◆ **Task description**:
There is a line containing "变色杯,又称魔术杯。即在杯子" in the records below. Repeat it and every line after it, exactly, through the final line, but no pictures.

◆ **Listed entries**:
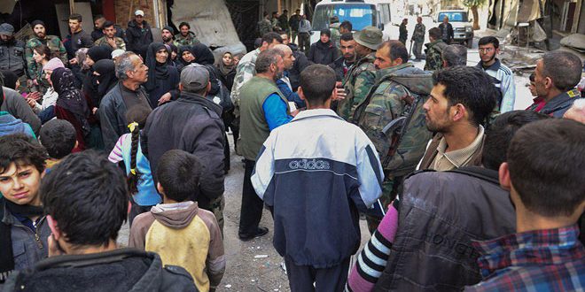 الجيش يواصل تأمين أهالي سقبا في منازلهم بعد تحريرها من الإرهاب
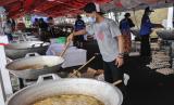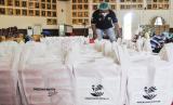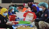 REPUBLIKA.CO.ID, KALIBATA -- Sejumlah petugas melakukan proses pengemasan makanan di dapur umum Kementerian Sosial di halaman gedung konvensi, Taman Makan Pahlawan Nasional Utama (TMPNU), Kalibata, Jakarta, Sabtu (10/7). Sebanyak 15.000-20.000 makanan disiapkan untuk tenaga kesehatan, petugas penyekatan PPKM dan petugas Taman Pemakaman Umum (TPU) di wilayah Jakarta.
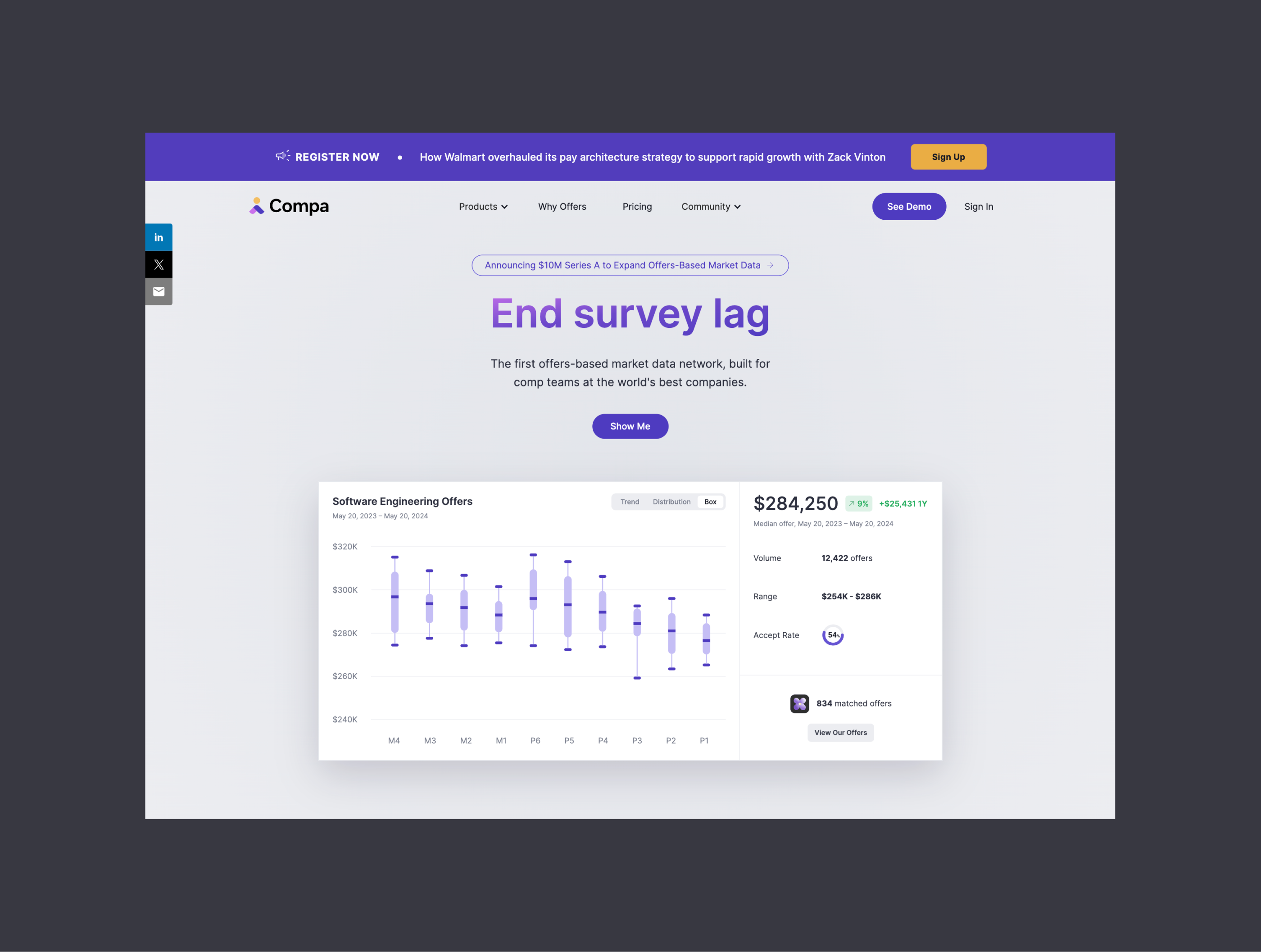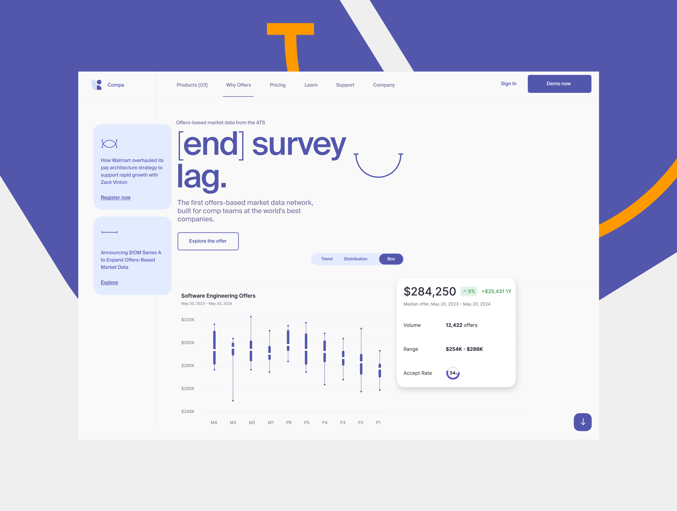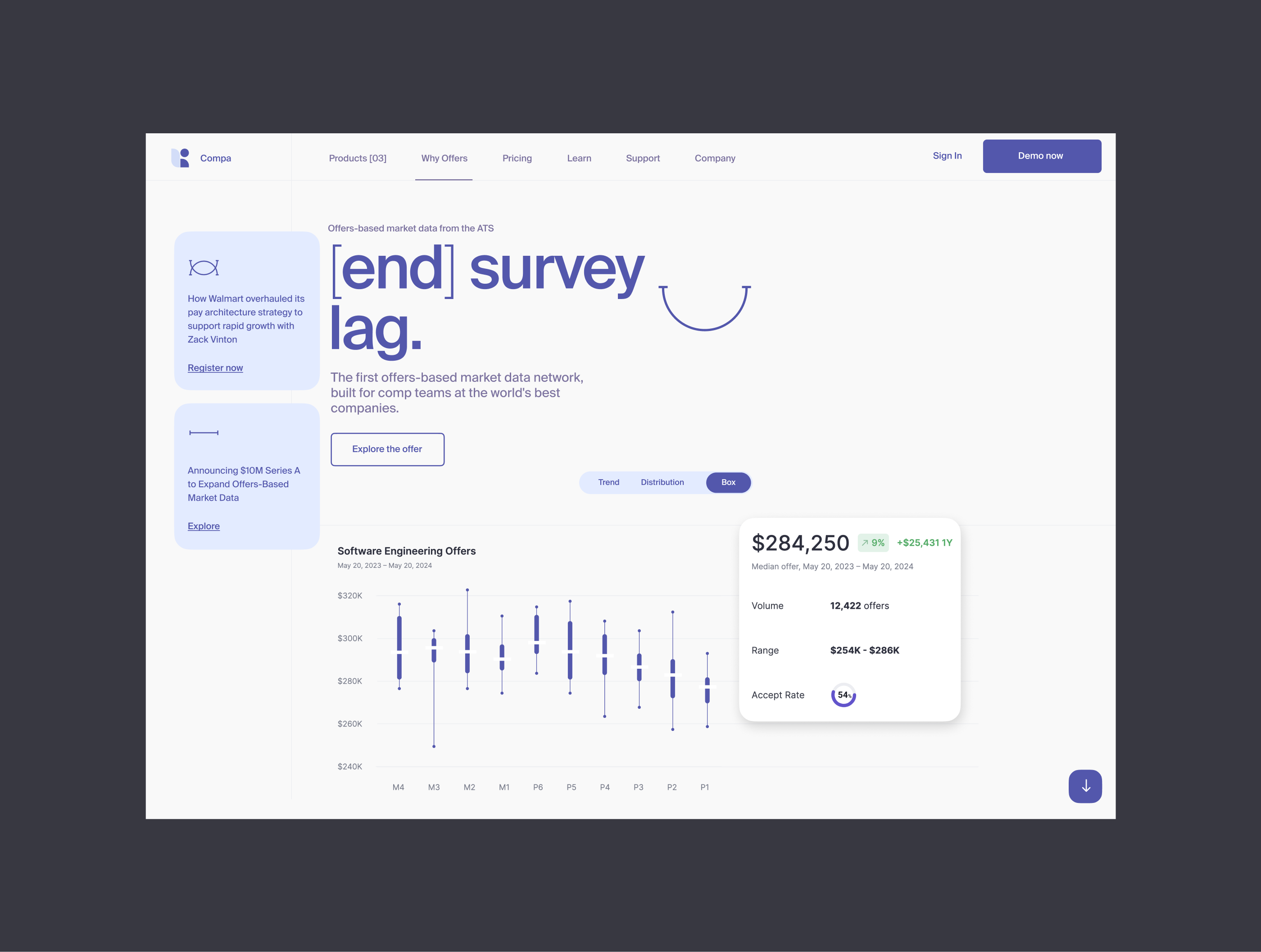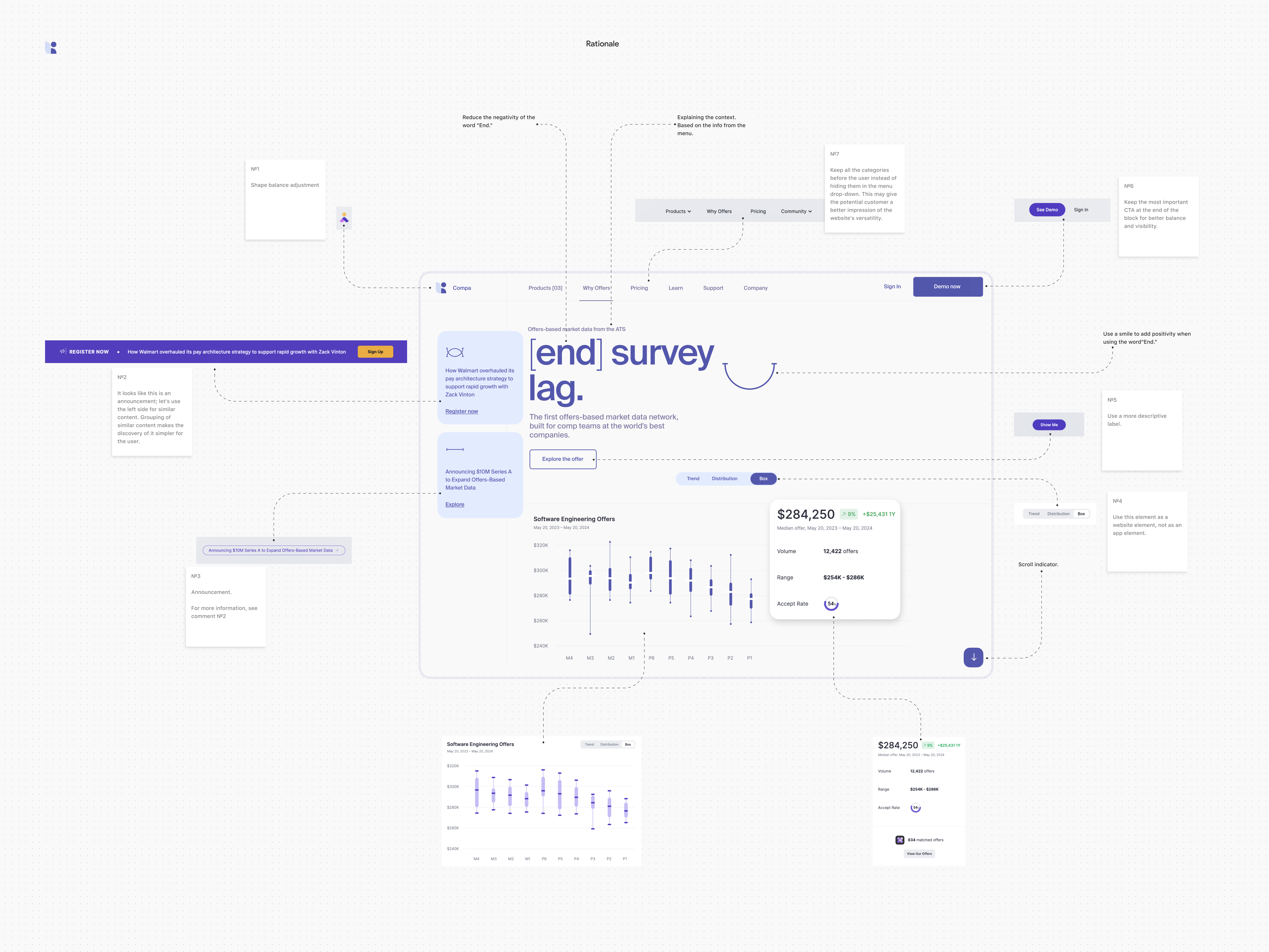 Detailed analysis of the information design/hierarchy, layout, and styles of the Compa website landing page. The new version uses a low-contrast color theme to enhance information readability.
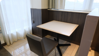 縦長のレイアウトを生かして入口から最も離れた部屋の奥で集中できる
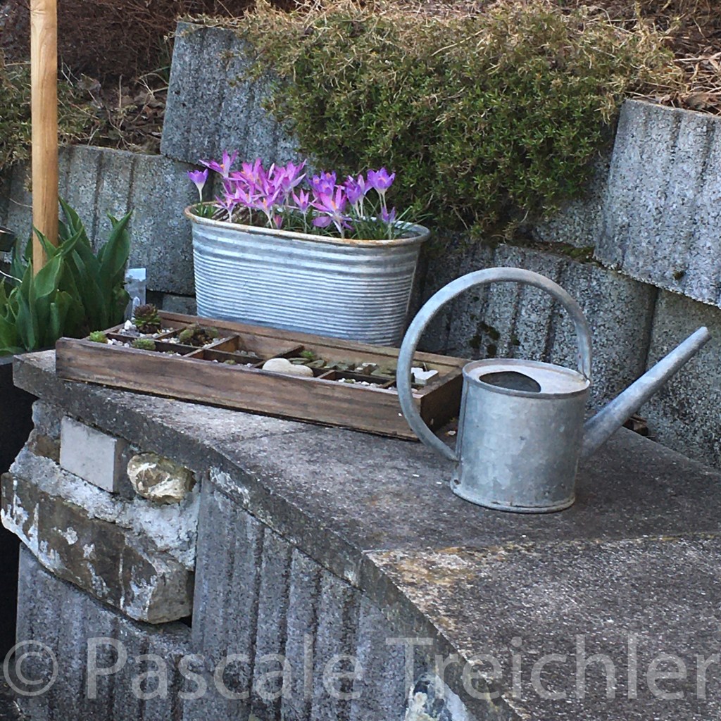 Im Kiesbeet sind die Krokusse aufgeblüht und verblüht. Hier fehlen ganz klar noch Narzissen um die Lücke bis zu der Tulpenblühte zu überbrücken
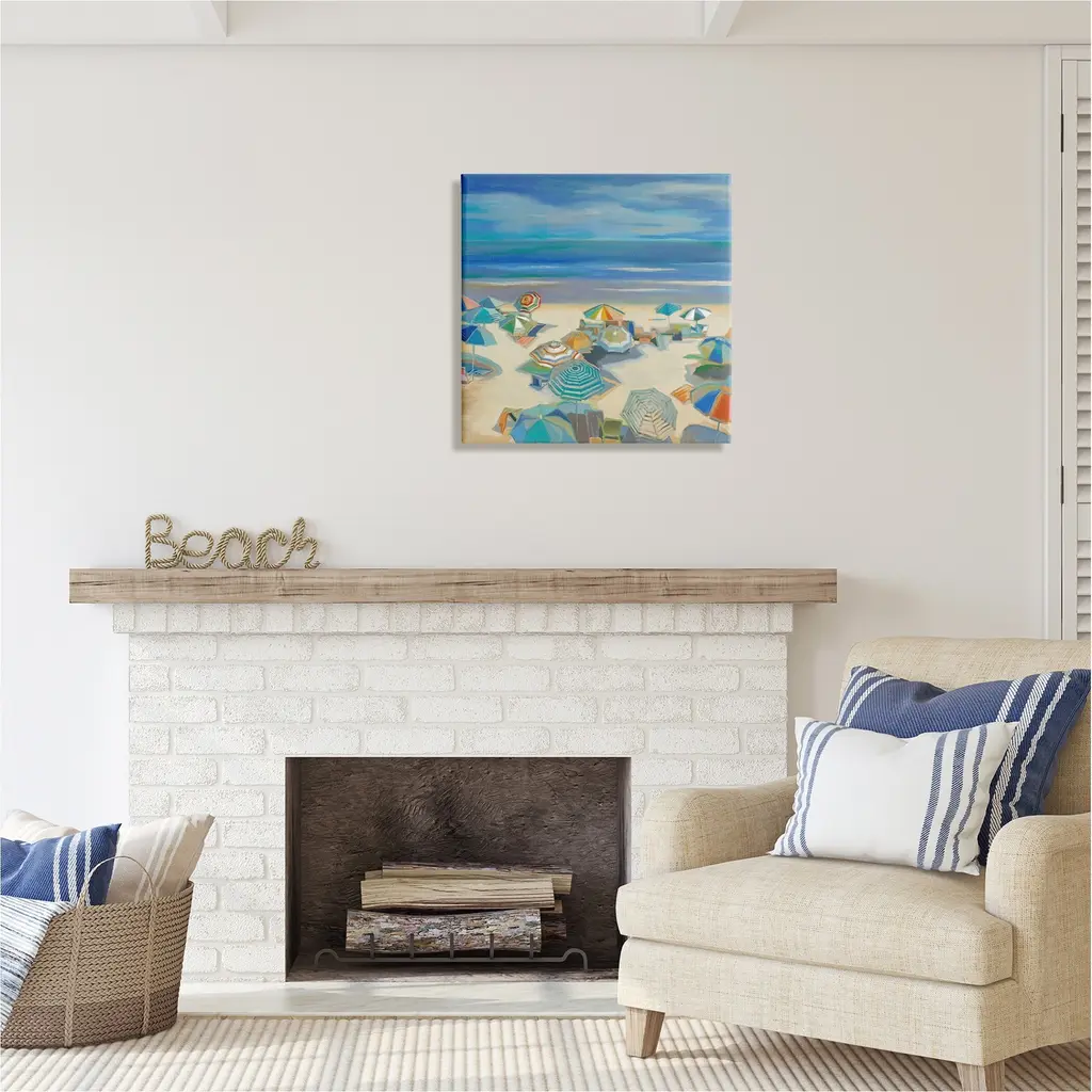 Stupell Beach Umbrellas On Shore Canvas Wall Art Design By Liz Jardine - 24 X 24
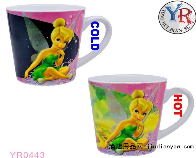 变色杯,又称魔术杯。即在杯子里注入热水/冷水,杯体将会发生颜色变化,在没有变色之前的颜色有黑色,红色,行色,绿色,蓝色,褐色,紫色,浅蓝,浅黄,浅绿,淡红,淡紫等。包括网点效果,都可以设计成变色杯表面层。
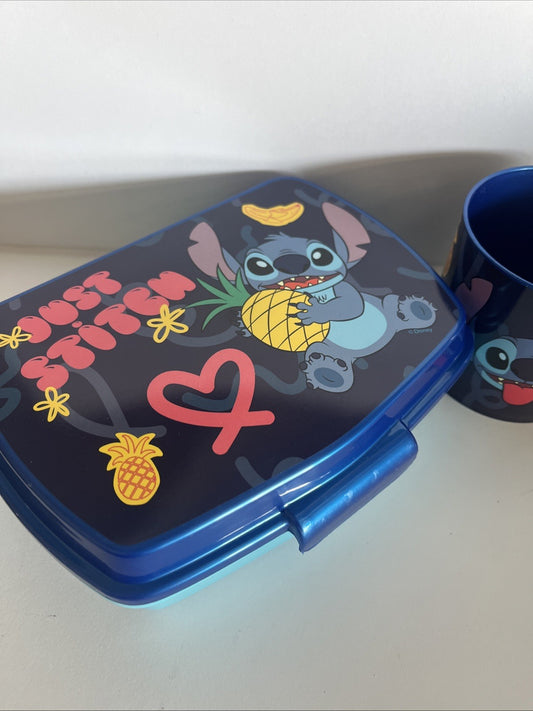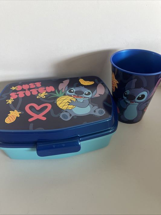 porta merenda e bicchiere (260 ml) in plastica per bambini stitch Adatti per la scuola, asilo, sport e tempo lbero Davvero utili!!!! Adatti al microonde ma da non mettere in lavastoviglie

◆ **Worked solution**:
 变色杯,又称魔术杯。即在杯子里注入热水/冷水,杯体将会发生颜色变化,在没有变色之前的颜色有黑色,红色,行色,绿色,蓝色,褐色,紫色,浅蓝,浅黄,浅绿,淡红,淡紫等。包括网点效果,都可以设计成变色杯表面层。
 porta merenda e bicchiere (260 ml) in plastica per bambini stitch Adatti per la scuola, asilo, sport e tempo lbero Davvero utili!!!! Adatti al microonde ma da non mettere in lavastoviglie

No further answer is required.